Towers Watson said the MIR could end up being a big number relative to most pension savings if the government takes a cautious approach to ensure pensioners aren't entitled to taxpayer support, having spent their own money.

Paul Macro, senior consultant at the advisers, said: “If the government took a conservative approach, many people would have to use roughly the first £300,000 of their savings to provide a secure income before being able to access the rest of their money upfront.

“However, that number could fall if annuity rates improve, if means-tested benefits are pared back further in response to the fiscal crisis, or if the government decides there is only a small risk of people running down all their non-pension assets.”

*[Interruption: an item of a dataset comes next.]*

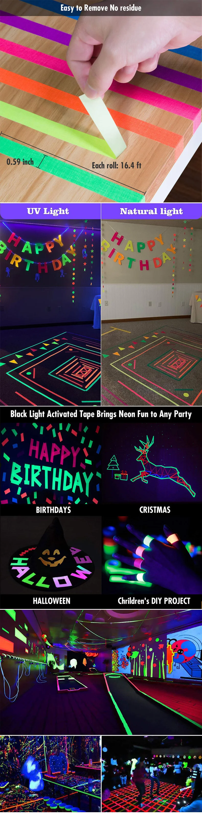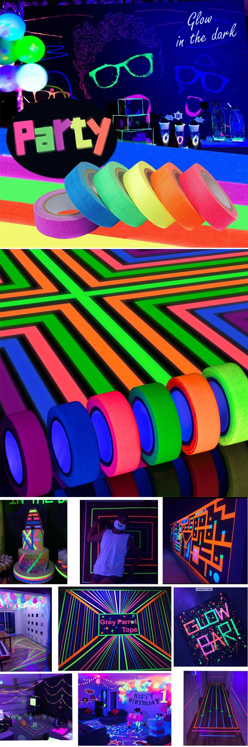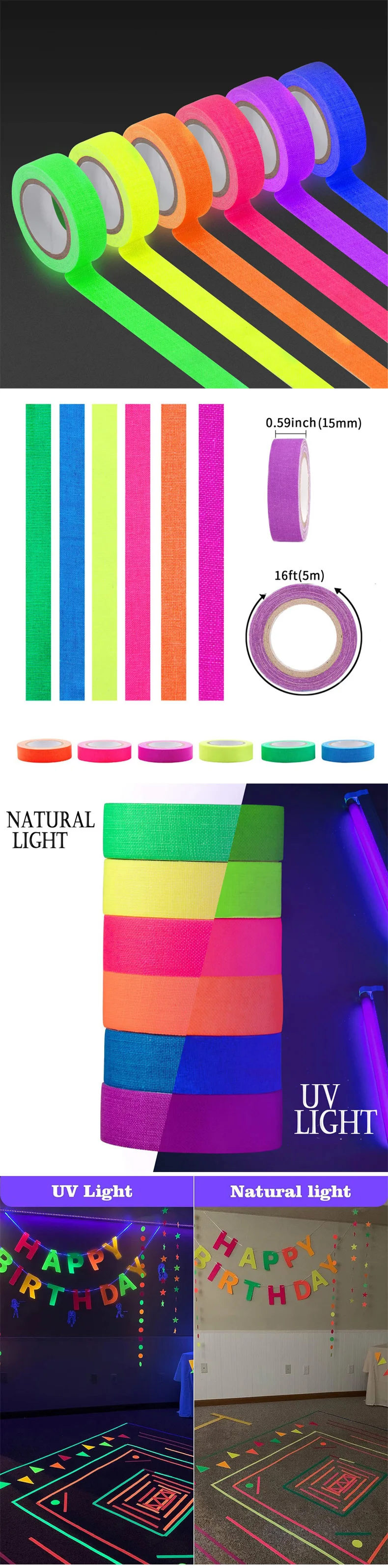 5Meter 6 Colors Neon Gaffer Cloth Tape Fluorescent Rainbow Color Party Non-Reflective Glow in The Dark Tape Under UV Black Light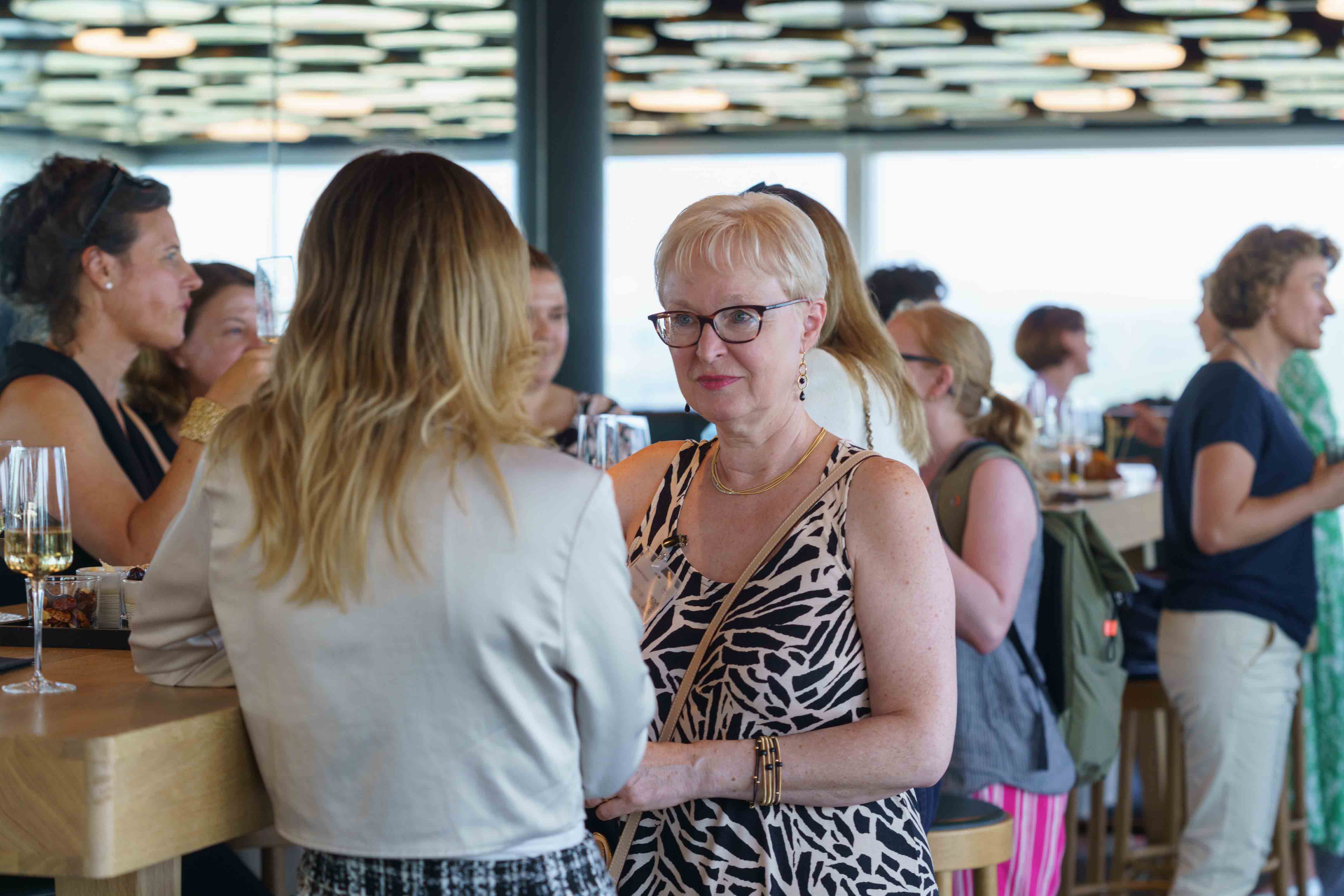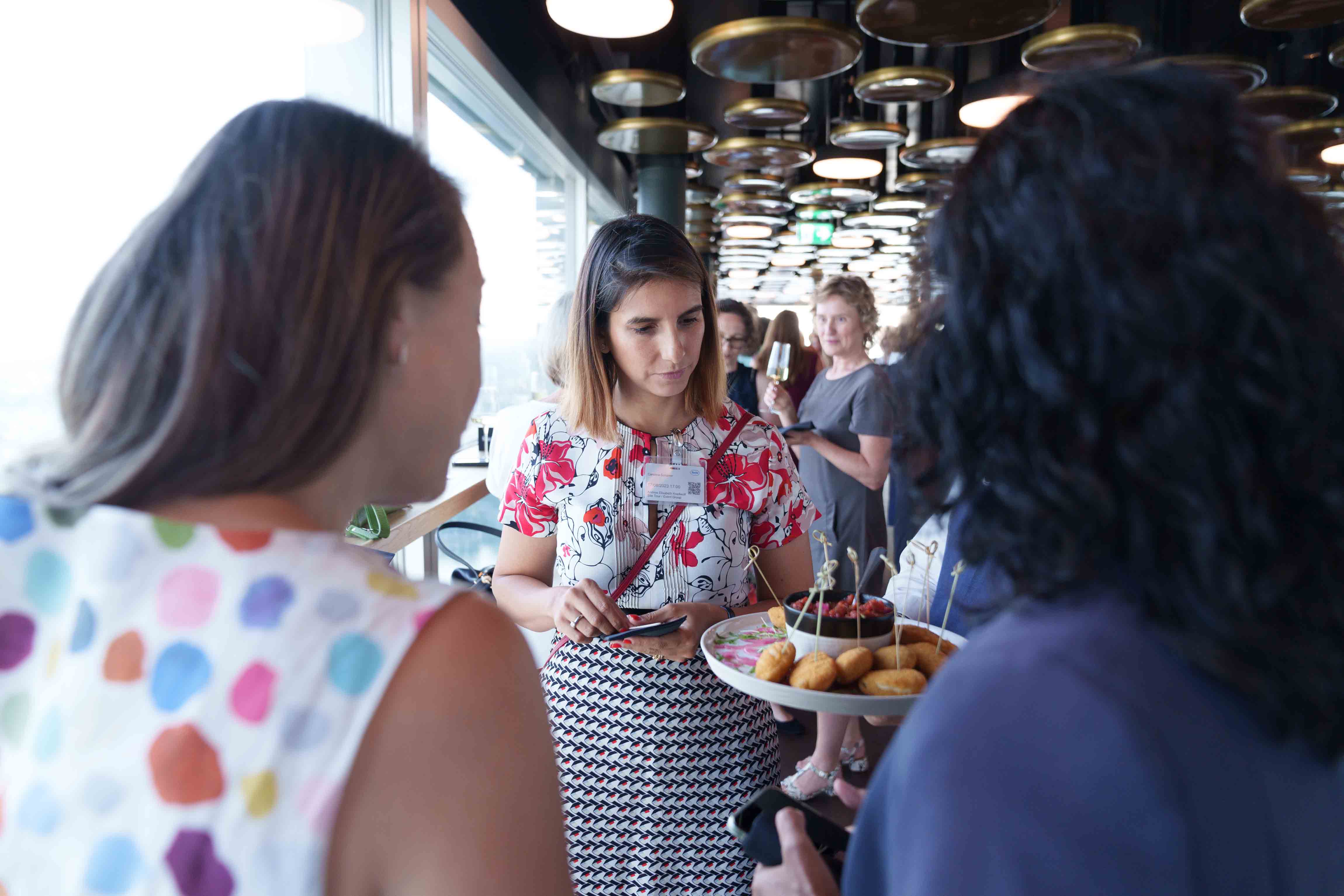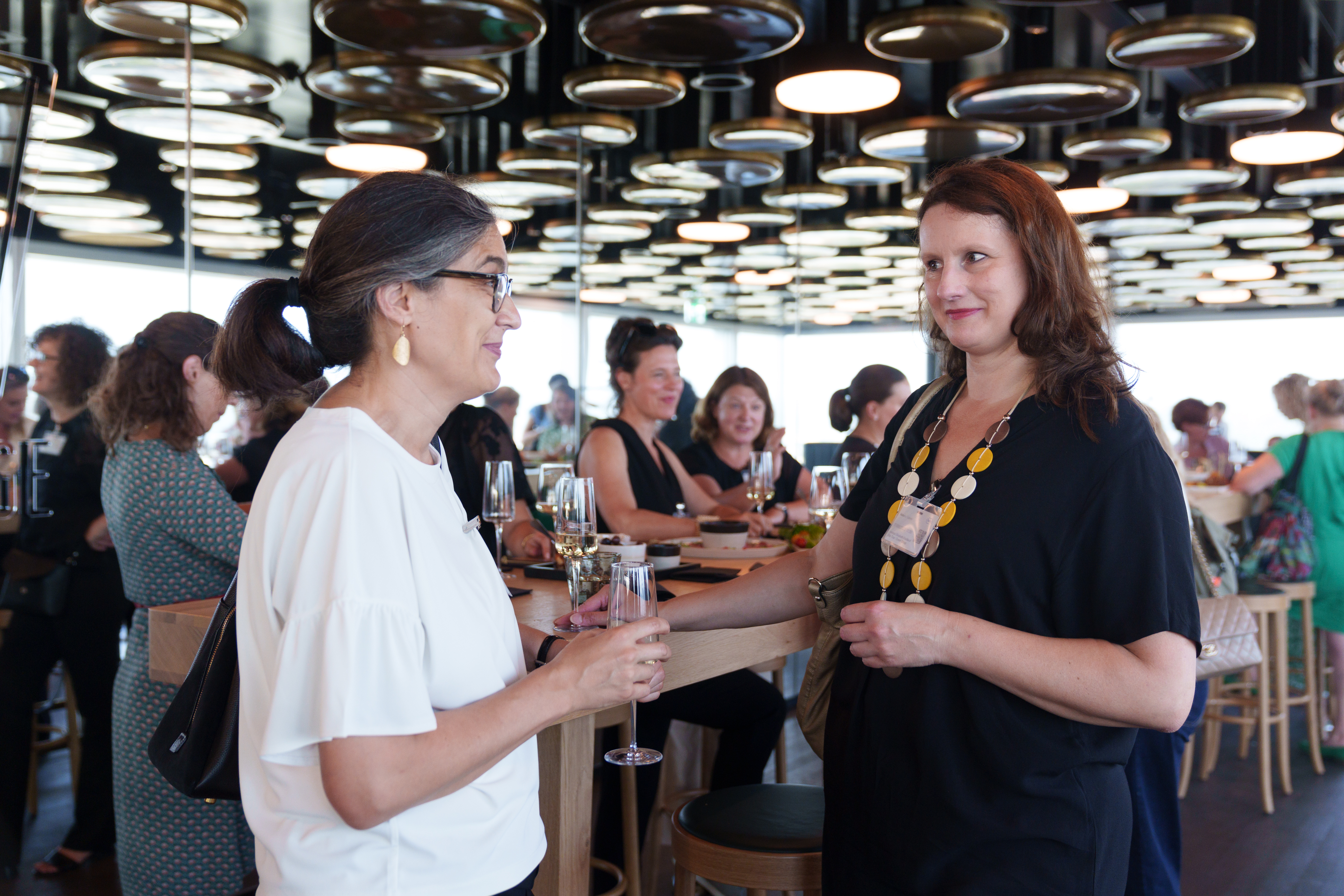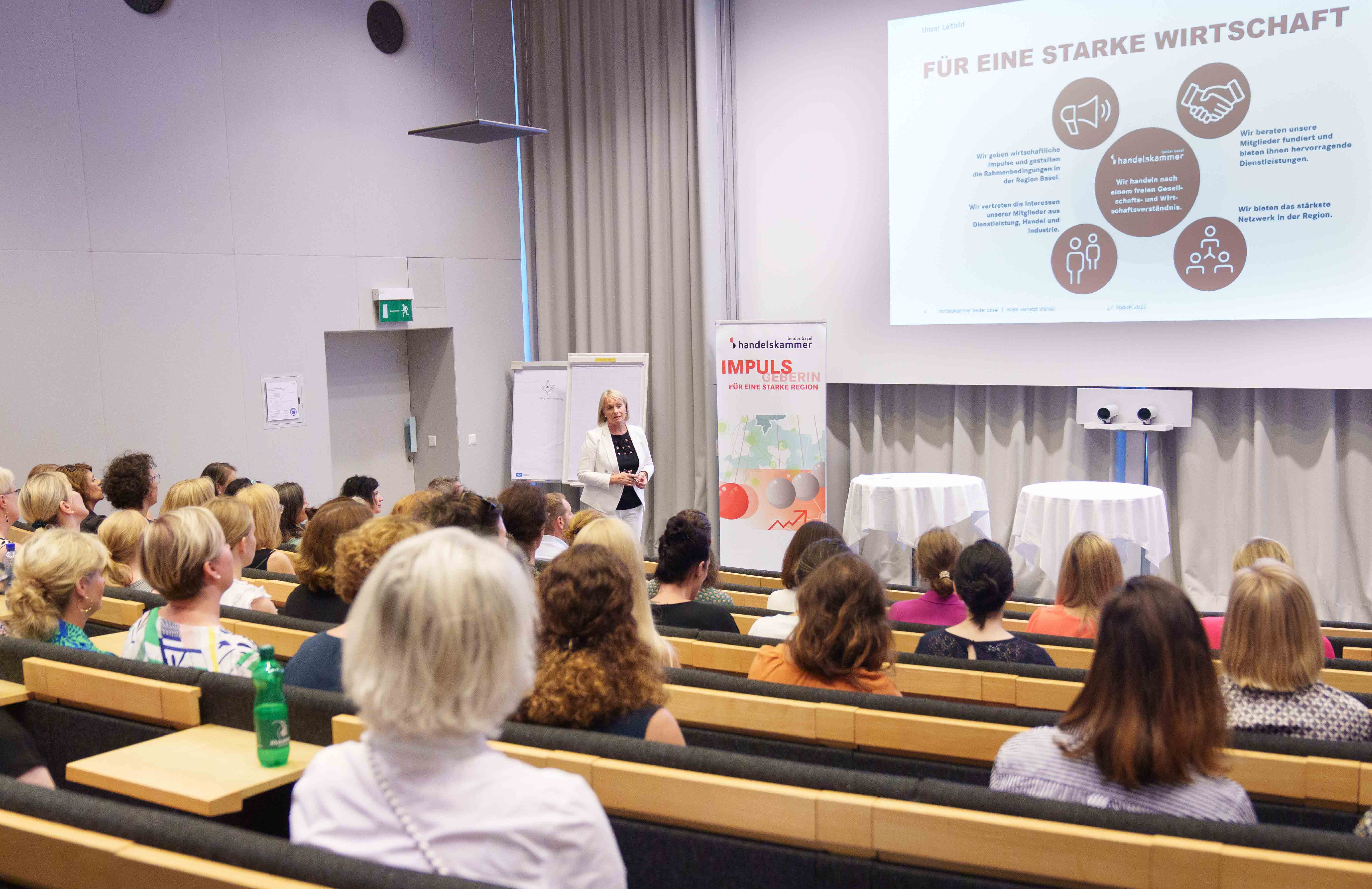 85 Frauen aus der Wirtschaft trafen sich an unserem Anlass «HKBB vernetzt» Women zum Networking. Der Afterwork-Event fand im Rochturm 2 über den Dächern Basels statt.

Most people do not have pension pots of this size, but will still have more flexibility to invest their savings aggressively to accumulate a bigger income later in retirement, if they are prepared to risk outliving their money, Macro said.

Trevor Matthews, chief executive of Friends Provident, said it is important the industry sets a realistic minimum income requirement that excludes individuals from any means-tested benefits.

Tim Whiting, head of desk and web at the Annuity Bureau, said the overall impact of the proposals will be modest and only likely to benefit those with large funds. He added the vast majority of people will still need to access income as soon as they finish working, and so the option of deferring their annuity will not be viable.

“In addition, the average retirement fund in the UK is less than £30,000 and at that value flexibility really is not an option,” Whiting said.

Macro also pointed out most occupational DC schemes do not currently offer income drawdown, therefore will either have to offer this facility or require members wanting to use it to transfer out into a personal pension.

The closing date for responses is September 10, 2010.